18) Introduction to Batch Jobs

18) Introduction to Batch Jobs#

Last time:

Introduction to MPI

Today:

Introduction to Batch Jobs and Job Scripting
SLURM Demo

1. Introduction to Batch Jobs and Job Scripting#

Batch jobs are, by far, the most common type of job on HPC systems.
Batch jobs are resource provisions that run applications on compute nodes and do not require supervision or interaction.
Batch jobs are commonly used for applications that run for long periods of time or require little to no user input.
To submit jobs that use multiple resources in parallel, you need a job/task scheduling system.
- SLURM is a very popular parallel job scheduler (although not the only one).
- SLURM submits/manages jobs to its own scheduling system via the sbatch command.

Jobs scripting#

Even though it is possible to run jobs completely from the command line, it is often overly tedious and unorganized to do so.

Instead, it is recommended to construct a job script for your batch jobs.
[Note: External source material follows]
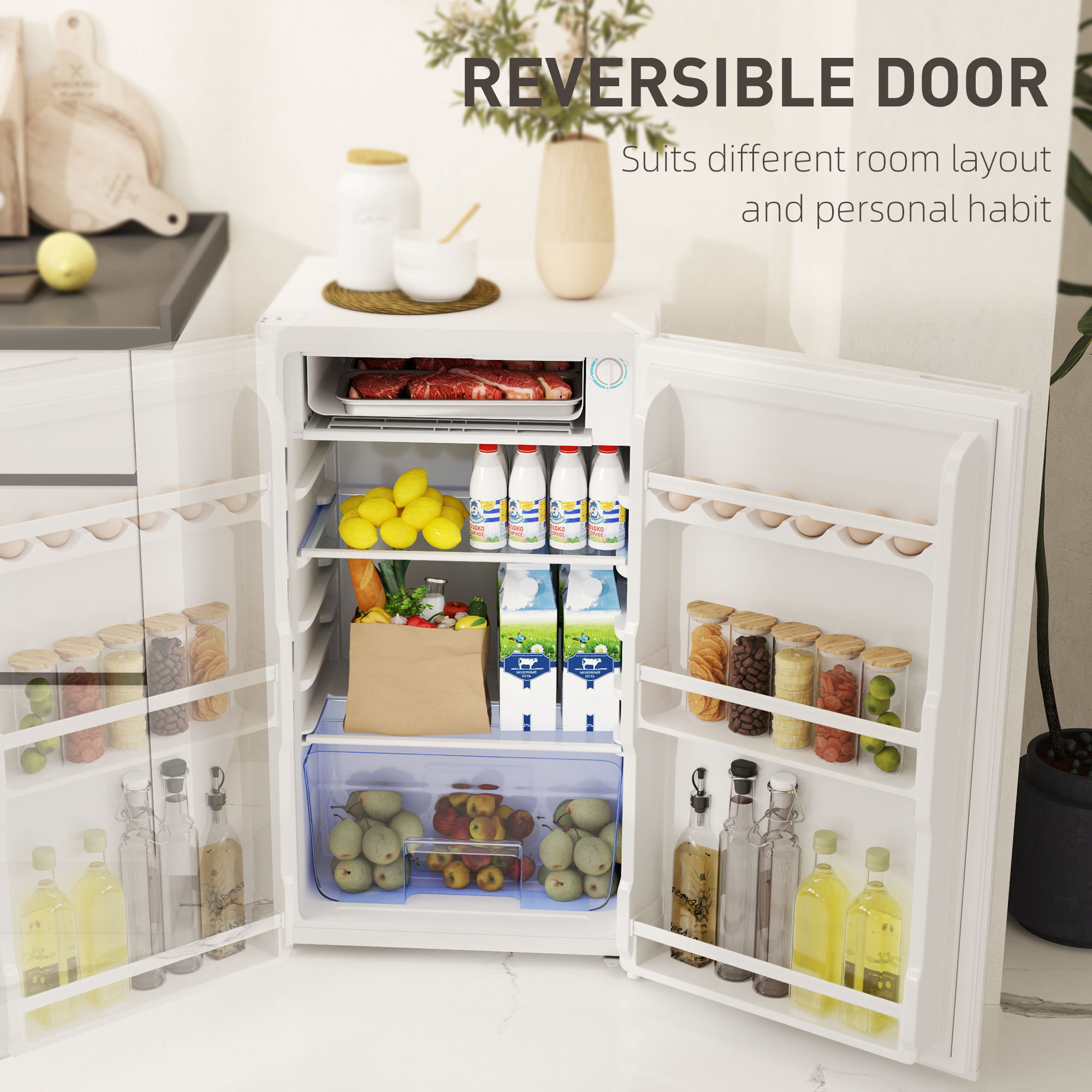 A home and office essential, straight from -this small fridge freezer. The under-counter design makes it great for small spaces, bedrooms and even fitted kitchens. The 91 litre capacity small fridge freezer makes the size suitable for a small family household, shared flat or even for using to yourself. Comes with the standard removable shelves, but with a top chiller box as extra to keep your food and drink deliciously cool and tasty. Temperature range: 0-10℃.

A job script is a set of Linux commands paired with a set of resource requirements that can be passed to the Slurm job scheduler.
Slurm will then generate a job according to the parameters set in the job script.
Any commands that are included with the job script will be run within the job.

Running a job script#

Running a job script can be done with the sbatch command:

sbatch <your-job-script-name>

Once you submit yout batch job, you may see the following message:

Submitted batch job <job_ID>

You can query the status of your job (wait in queue/running/ended, etc) with:

squeue -u your_user_name

Making a job script#

A job script looks something like this:

#!/bin/bash

#SBATCH --nodes=1
#SBATCH --ntasks=1
#SBATCH --time=00:10:00
#SBATCH --partition=<any_needed_specific_partition>
#SBATCH --output=sample-%j.out

module purge

module load <necessary_modules_to_be_loaded> # such as compilers needed etc

echo "== This is the scripting step! =="
sleep 30
./executable
echo "== End of Job =="

Normally job scripts are divided into 3 primary parts:

directives
loading software
user scripting.

Directives give the terminal and the Slurm daemon instructions on setting up the job.

Loading software involves cleaning out the environment and loading specific pieces of software you need for your job.
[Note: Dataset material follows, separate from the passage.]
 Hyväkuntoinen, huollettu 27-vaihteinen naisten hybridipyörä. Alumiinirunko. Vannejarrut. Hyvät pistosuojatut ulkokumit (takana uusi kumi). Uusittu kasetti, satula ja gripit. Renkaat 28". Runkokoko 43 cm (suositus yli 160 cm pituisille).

User scripting is simply the commands you wish to be executed in your job.

Directives#

The first directive, the shebang directive, is always on the first line of any script.

The directive indicates which shell you want running commands in your job.

Most users employ bash as their shell, so we will specify bash by typing:

#!/bin/bash

The next directives that must be included with your job script are sbatch directives.

These directives specify resource requirements to Slurm for a batch job.

These directives must come after the shebang directive and before any commands are issued in the job script.

Each directive contains a flag that requests a resource the job would need to complete execution.

You can also send yourself an email to alert you that your job has ended.

An sbatch directive is written as such:

#SBATCH --<resource>=<amount>

For example, if you wanted to request 2 nodes with an sbatch directive, you would write:

#SBATCH --nodes=2

Other useful directives:

--ntasks=processes to specify total number of tasks
--ntasks-per-node=processes to specify the number of processes you wish to assign to each node
--mem=memory sets the total memory (per node requested) required for the job.

Having more resources (e.g., they can be subdivided in “Resource Sets” etc.) means having more parameters to specify! For instance, researchers at ORNL, put together workshops on How to submit jobs on the Summit supercomputer.

2. SLURM Demo#

You can find a couple of batch job scripts in batch_scripts/ that you can execute via sbatch on the cluster.